**Exercise details:** The lines to be extracted begin at the line containing "Жінка народила дитину" and end at the last line of the data below; copy them exactly and leave out the pictures.
(Input data)
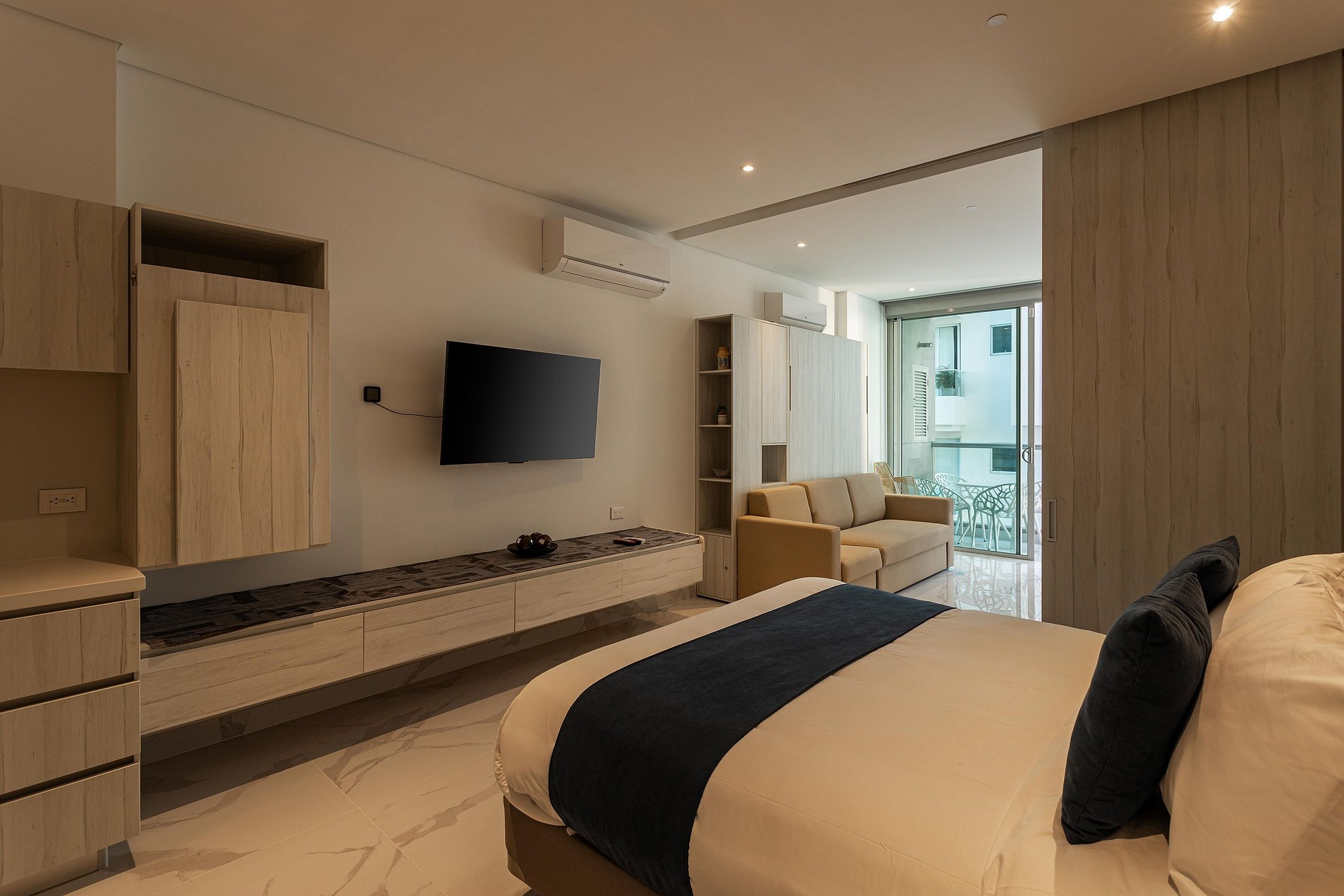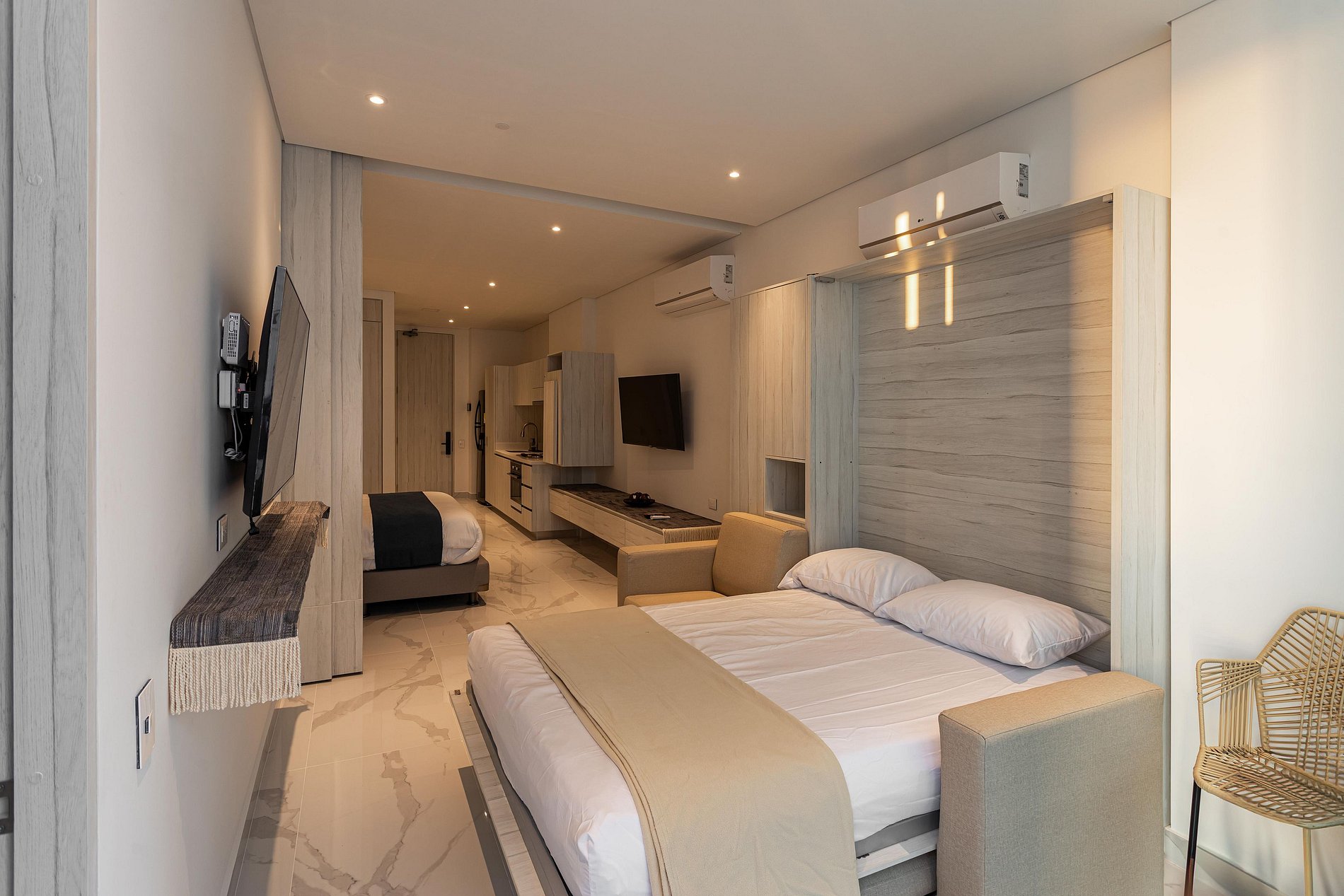 Los apartamentos de Sui Lofts son amplios y estan completamente dotados, cuenta con piscina co-working - sala de juntas- gimnasio y jacuzzi en el ultimo piso del edificio
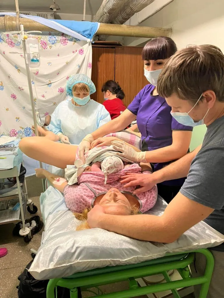 Жінка народила дитину в укритті Кременчуцького перинатального центру 28 лютого 2022 року. Фото зі сторінки закладу у фейсбуці
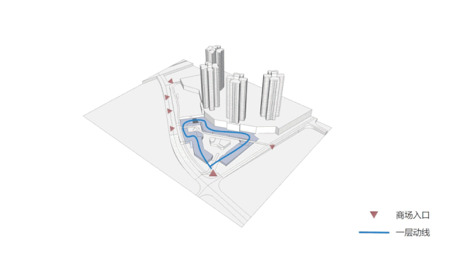 環(huán)形動線的設(shè)計,使城市空間以開放街道的形式滲透入綜合體,建筑主動線與開放街道重合,并形成綜合體內(nèi)部半敞內(nèi)街。也將內(nèi)部步行交通系統(tǒng)融入城市立體步行系統(tǒng),在地下、地面、空中和屋頂多個層面提高綜合體的可達性。
(End Input data)
**Answer for this exercise:**
 Жінка народила дитину в укритті Кременчуцького перинатального центру 28 лютого 2022 року. Фото зі сторінки закладу у фейсбуці
 環(huán)形動線的設(shè)計,使城市空間以開放街道的形式滲透入綜合體,建筑主動線與開放街道重合,并形成綜合體內(nèi)部半敞內(nèi)街。也將內(nèi)部步行交通系統(tǒng)融入城市立體步行系統(tǒng),在地下、地面、空中和屋頂多個層面提高綜合體的可達性。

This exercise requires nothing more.